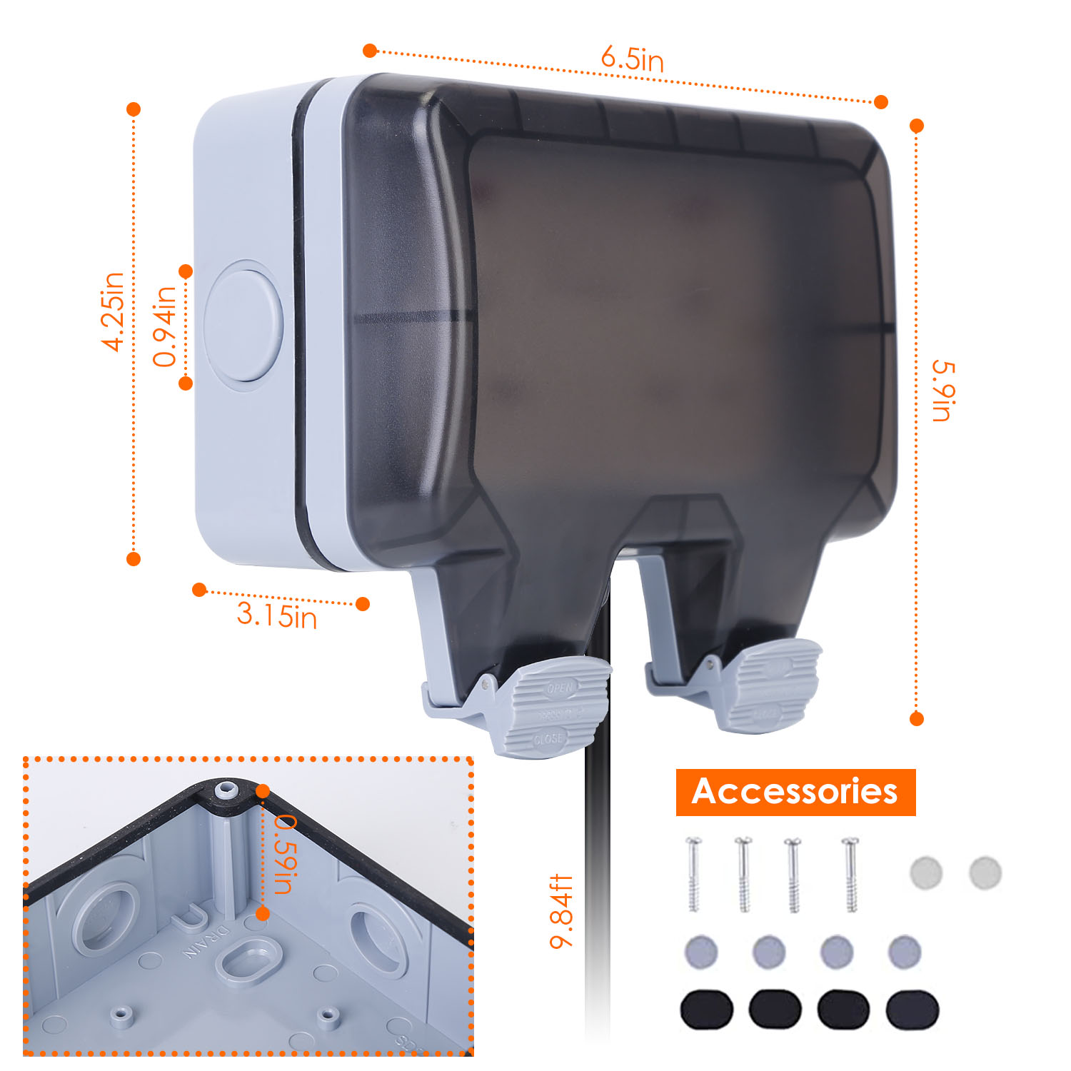 Double Outdoor Socket IP66 Waterproof 13A 2 Gang UK Plug Twin Switched Double Socket Electrical Wall Outlet Socket Box w/ 9.84ft Extension Cable
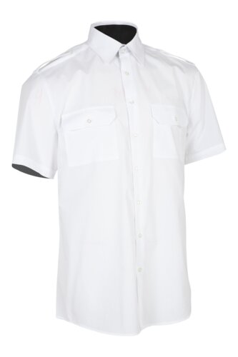 Klassisk kortermet skjorte med spiss krage, skulderklaffer, knappestolpe foran, som lukkes med åtte knapper. Bærestykke bak, innsnitt nederst på ryggen, korte ermer med sydd nedkant. To brystlommer med klaff og knapper, og pennesøm på venstre lomme. Kontrastfarge på innsiden av krage og mansjett.
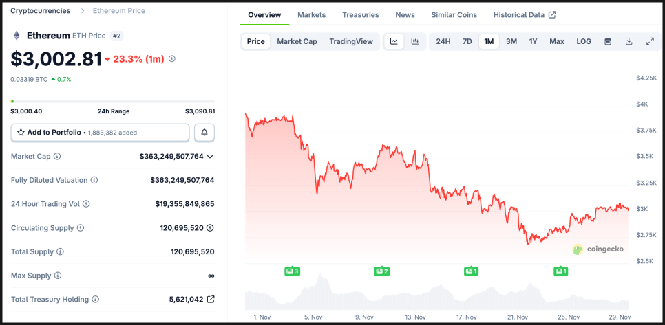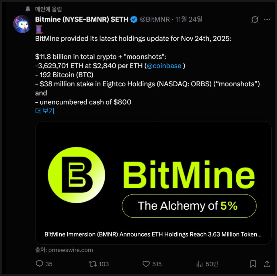 이번 움직임은 불과 며칠 전, 비트마인이 2억 달러 규모의 이더리움을 공식적으로 매수했다고 발표한 직후에 나왔습니다. 회사가 마지막으로 공개한 기준으로는 현재 약 362만 개의 ETH를 보유하고 있고, 이는 대략 109억 달러 규모입니다. 전체 이더리움 공급량의 약 3퍼센트를 단일 기업이 들고 있는 셈이죠.
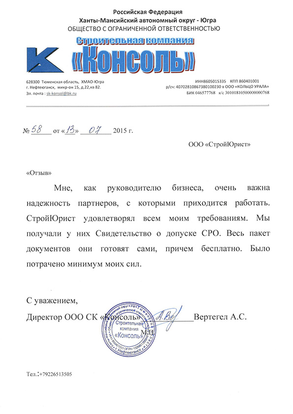 Отзывы клиентов "СтройЮрист" по вступлению в СРО в Омске
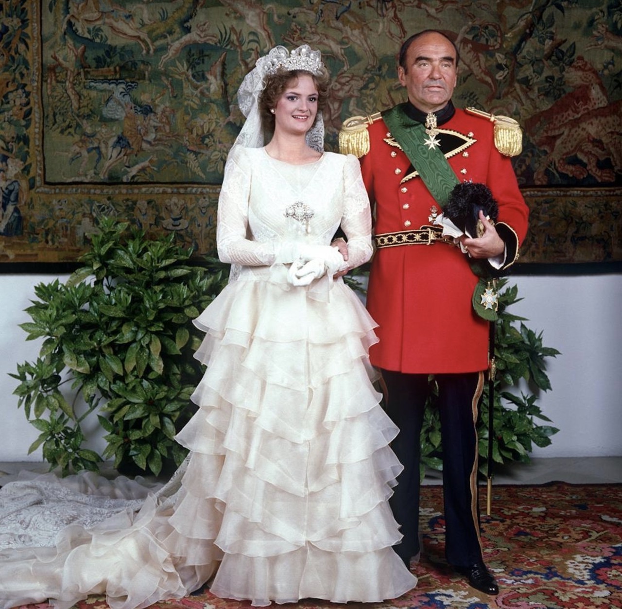 In 1980, Empress Eugénie’s Pearl Tiara was worn by Countess Gloria von Schönburg-Glauchau when she married Johannes, the 11th Prince of Thurn und Taxis at Saint Emmeram’s Abbey in Regensburg.
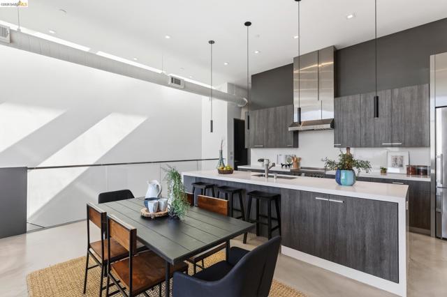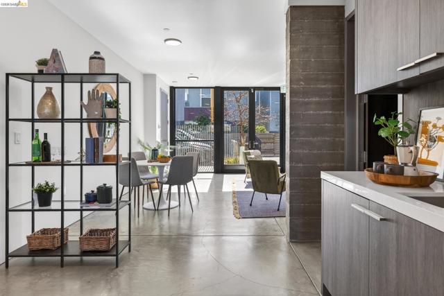 811 Folger Avenue, completed in 2020, offers an elegant interpretation of a hybrid “Live-Work” design by architect David Stark Wilson. This is an all-electric property! The property has three floors: two residential floors and one office/workspace floor. Both the residential and workspace/office floors have independent heating and AC systems, all powered by a rooftop solar array. The residential floors feature 3 bedrooms and 2 bathrooms, a private front deck, and an open-plan study. The top floor has a spectacular “great room”, a dynamic kitchen/dining area/living room combination featuring a huge island, a suite of SS energy-efficient appliances, and beautiful custom windows with urban views. The office/workspace floor has a level-in independent entry, an ADA bathroom, and the counter space is plumbed for a microwave and refrigerator. The tall French doors capture the southern light, illuminating this space with bright natural light. This office space may be rented separately. The heart of the property is an unexpected stainless-steel staircase, an unexpected companion to the polished concrete floors and board-formed concrete walls. The property has two designated parking spaces (one space has an electric car charger) and is near Berkeley Bowl, shops, cafes, and mass transit.
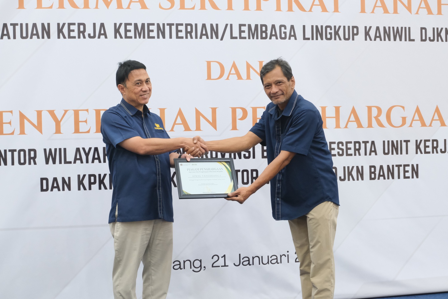 diserahkan oleh Kantor Wilayah DJKN Banten dalam kegiatan Penyerahan Apresiasi dan Penghargaan atas

==============================

→ HOW TO COMPLETE THIS TASK: Please output, exactly as written, the lines above from the one holding "Klassisk kortermet skjorte" through the one holding "In 1980, Empress", both included, with the pictures omitted.

→ RESPONSE AREA:
 Klassisk kortermet skjorte med spiss krage, skulderklaffer, knappestolpe foran, som lukkes med åtte knapper. Bærestykke bak, innsnitt nederst på ryggen, korte ermer med sydd nedkant. To brystlommer med klaff og knapper, og pennesøm på venstre lomme. Kontrastfarge på innsiden av krage og mansjett.
 이번 움직임은 불과 며칠 전, 비트마인이 2억 달러 규모의 이더리움을 공식적으로 매수했다고 발표한 직후에 나왔습니다. 회사가 마지막으로 공개한 기준으로는 현재 약 362만 개의 ETH를 보유하고 있고, 이는 대략 109억 달러 규모입니다. 전체 이더리움 공급량의 약 3퍼센트를 단일 기업이 들고 있는 셈이죠.
 Отзывы клиентов "СтройЮрист" по вступлению в СРО в Омске
 In 1980, Empress Eugénie’s Pearl Tiara was worn by Countess Gloria von Schönburg-Glauchau when she married Johannes, the 11th Prince of Thurn und Taxis at Saint Emmeram’s Abbey in Regensburg.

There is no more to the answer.